**WHAT YOU ARE ASKED TO DO**
Look below for the line with "ou début 2011."; begin the copy there and stop after the line with "умер 3-го марта", keeping the text exact and the pictures out.

**SOURCE RECORDS**
'''

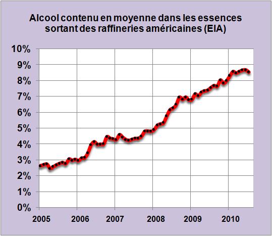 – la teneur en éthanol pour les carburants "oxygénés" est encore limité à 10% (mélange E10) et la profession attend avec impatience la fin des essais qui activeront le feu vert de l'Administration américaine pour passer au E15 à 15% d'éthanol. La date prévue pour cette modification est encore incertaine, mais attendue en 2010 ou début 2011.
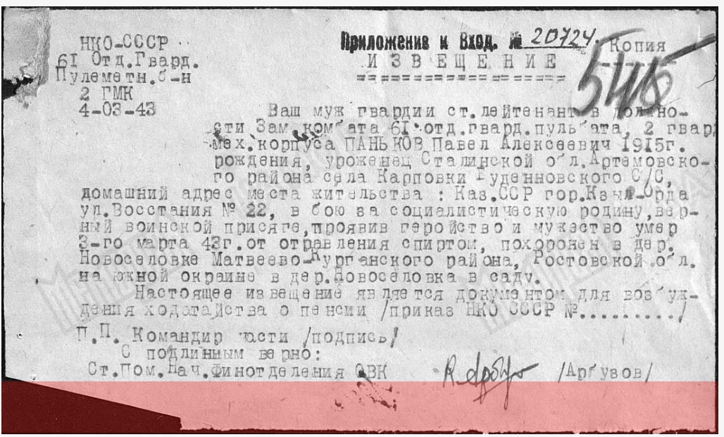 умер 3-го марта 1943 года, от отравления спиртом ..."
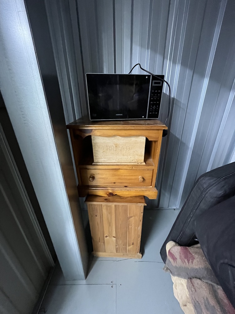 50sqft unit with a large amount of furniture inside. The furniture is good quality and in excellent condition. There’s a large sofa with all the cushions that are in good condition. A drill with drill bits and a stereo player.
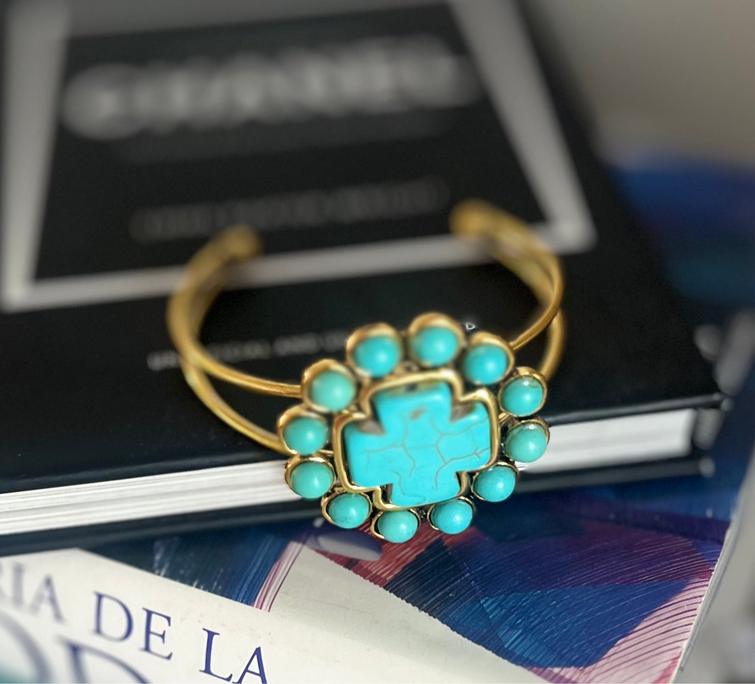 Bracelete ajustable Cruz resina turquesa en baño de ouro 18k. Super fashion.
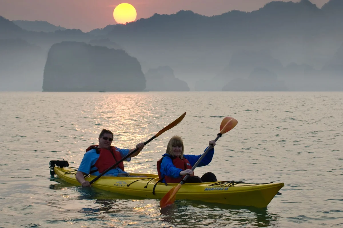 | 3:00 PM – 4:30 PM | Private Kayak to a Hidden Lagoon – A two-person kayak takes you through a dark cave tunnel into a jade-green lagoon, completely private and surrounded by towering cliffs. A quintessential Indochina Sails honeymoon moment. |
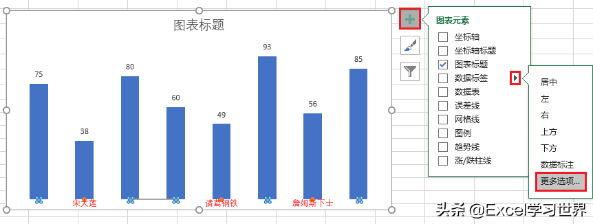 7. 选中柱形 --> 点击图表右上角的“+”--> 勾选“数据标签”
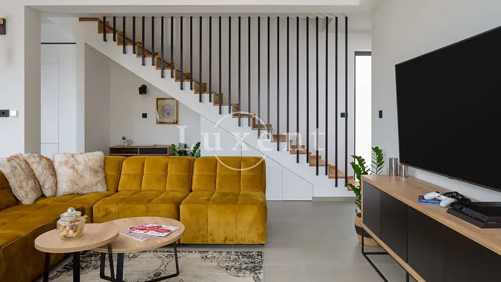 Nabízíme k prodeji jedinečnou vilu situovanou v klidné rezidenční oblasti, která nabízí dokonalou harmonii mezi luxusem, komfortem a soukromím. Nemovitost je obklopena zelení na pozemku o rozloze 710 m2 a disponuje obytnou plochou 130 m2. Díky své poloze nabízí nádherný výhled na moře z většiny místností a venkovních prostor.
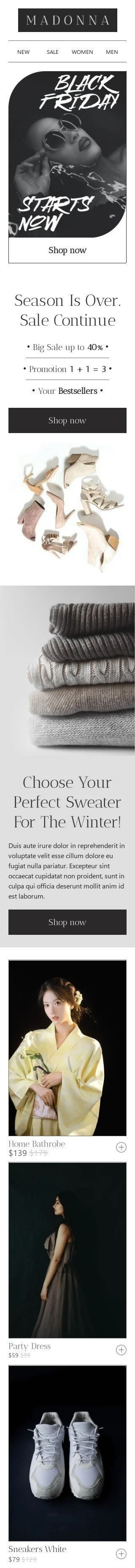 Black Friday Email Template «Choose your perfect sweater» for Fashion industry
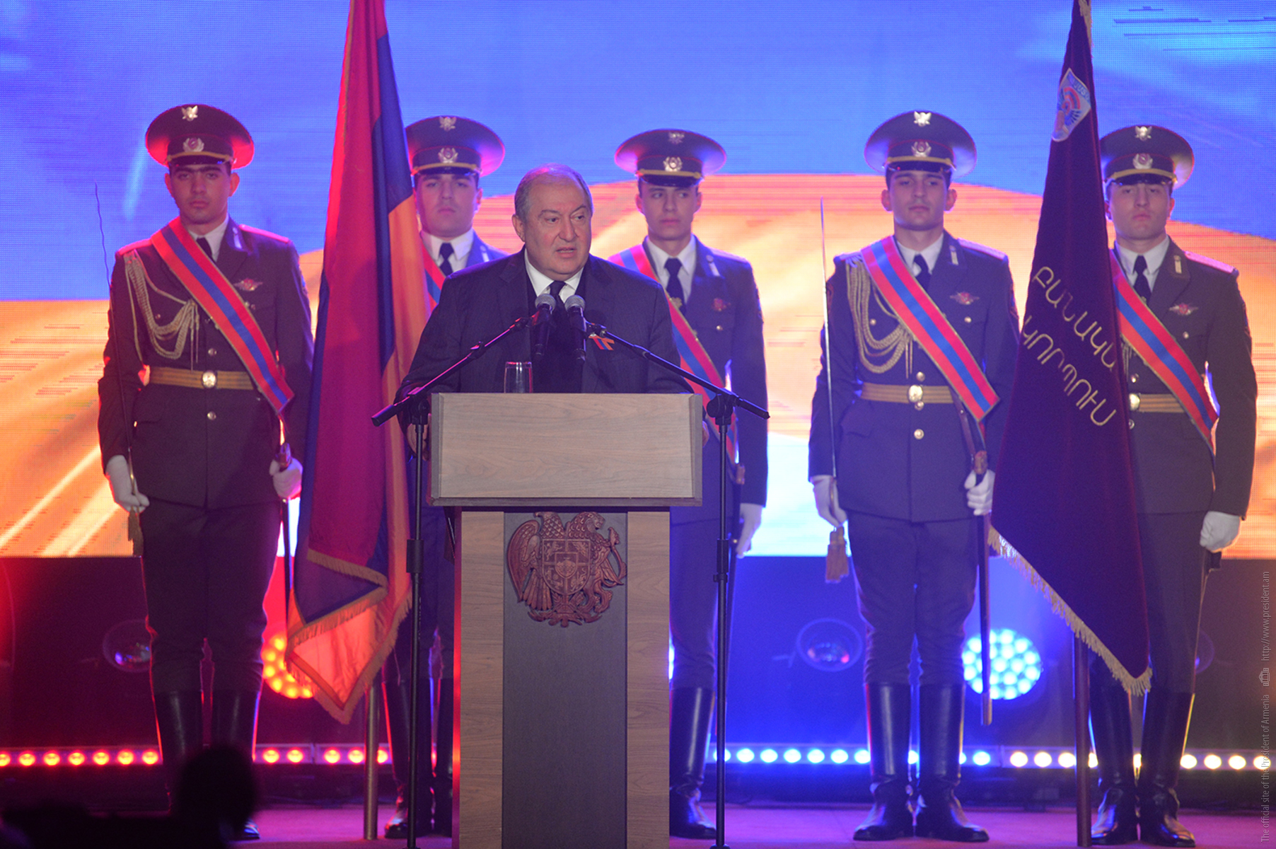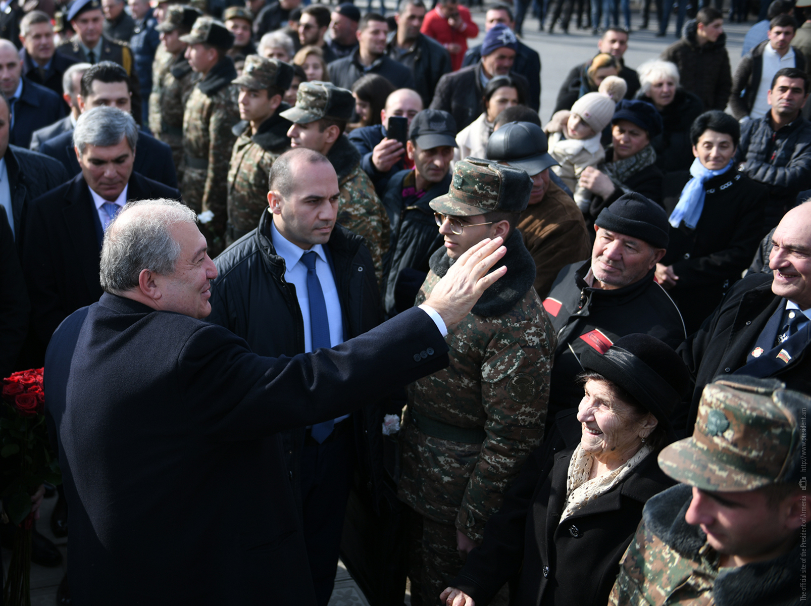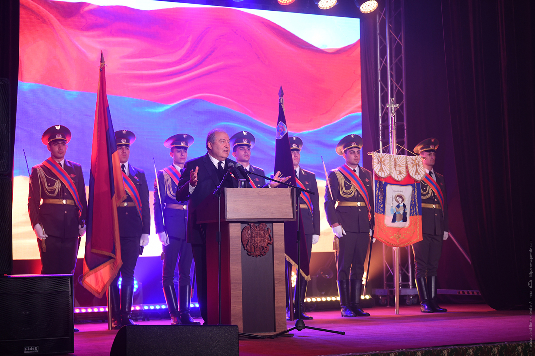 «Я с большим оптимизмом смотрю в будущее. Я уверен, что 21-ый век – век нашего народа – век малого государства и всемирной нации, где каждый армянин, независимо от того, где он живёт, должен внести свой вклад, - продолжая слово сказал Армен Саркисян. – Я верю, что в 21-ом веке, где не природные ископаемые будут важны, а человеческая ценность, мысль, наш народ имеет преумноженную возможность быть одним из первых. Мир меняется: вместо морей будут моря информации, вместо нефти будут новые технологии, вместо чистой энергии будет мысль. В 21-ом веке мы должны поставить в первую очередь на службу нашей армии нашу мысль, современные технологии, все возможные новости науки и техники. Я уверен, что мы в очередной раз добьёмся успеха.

'''
'''

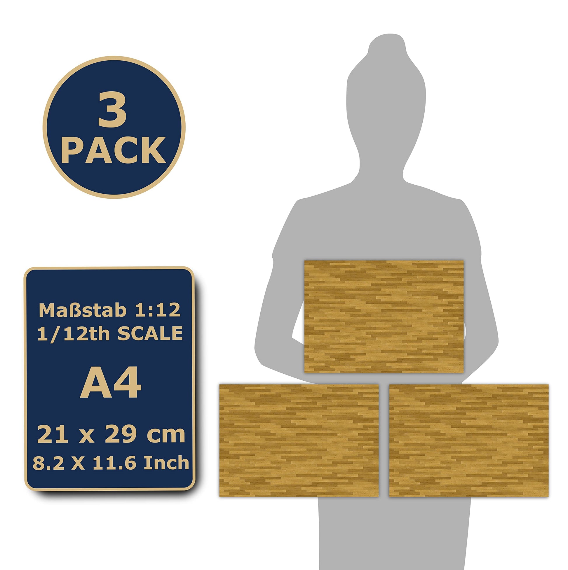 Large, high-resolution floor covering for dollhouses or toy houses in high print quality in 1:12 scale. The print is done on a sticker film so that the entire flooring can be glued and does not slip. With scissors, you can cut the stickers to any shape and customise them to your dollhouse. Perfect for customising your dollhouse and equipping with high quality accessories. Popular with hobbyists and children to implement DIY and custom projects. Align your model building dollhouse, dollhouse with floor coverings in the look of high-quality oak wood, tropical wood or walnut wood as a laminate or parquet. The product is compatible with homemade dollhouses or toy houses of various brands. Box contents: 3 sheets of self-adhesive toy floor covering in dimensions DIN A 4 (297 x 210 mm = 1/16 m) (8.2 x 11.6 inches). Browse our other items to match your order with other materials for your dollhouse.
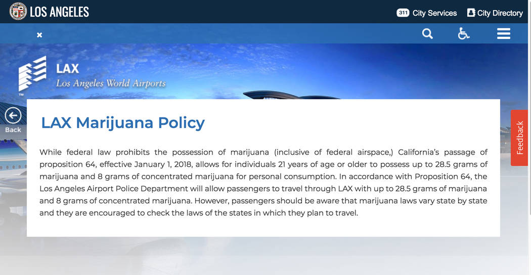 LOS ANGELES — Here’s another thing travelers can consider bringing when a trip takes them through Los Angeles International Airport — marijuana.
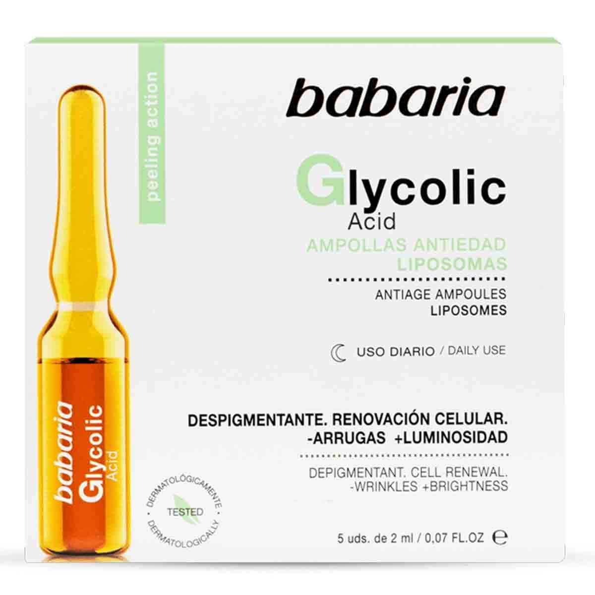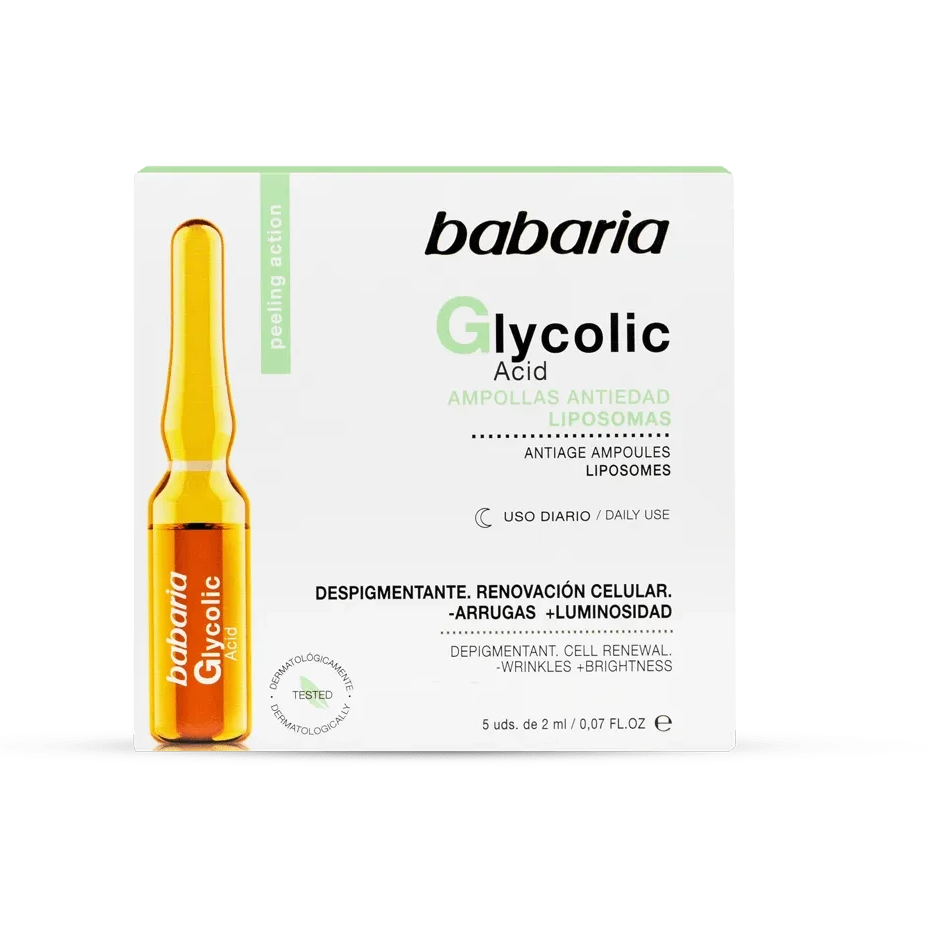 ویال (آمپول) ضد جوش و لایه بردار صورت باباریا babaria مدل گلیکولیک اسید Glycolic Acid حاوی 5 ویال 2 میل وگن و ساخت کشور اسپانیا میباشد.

'''

**RESULT OF THE TASK**
 – la teneur en éthanol pour les carburants "oxygénés" est encore limité à 10% (mélange E10) et la profession attend avec impatience la fin des essais qui activeront le feu vert de l'Administration américaine pour passer au E15 à 15% d'éthanol. La date prévue pour cette modification est encore incertaine, mais attendue en 2010 ou début 2011.
 умер 3-го марта 1943 года, от отравления спиртом ..."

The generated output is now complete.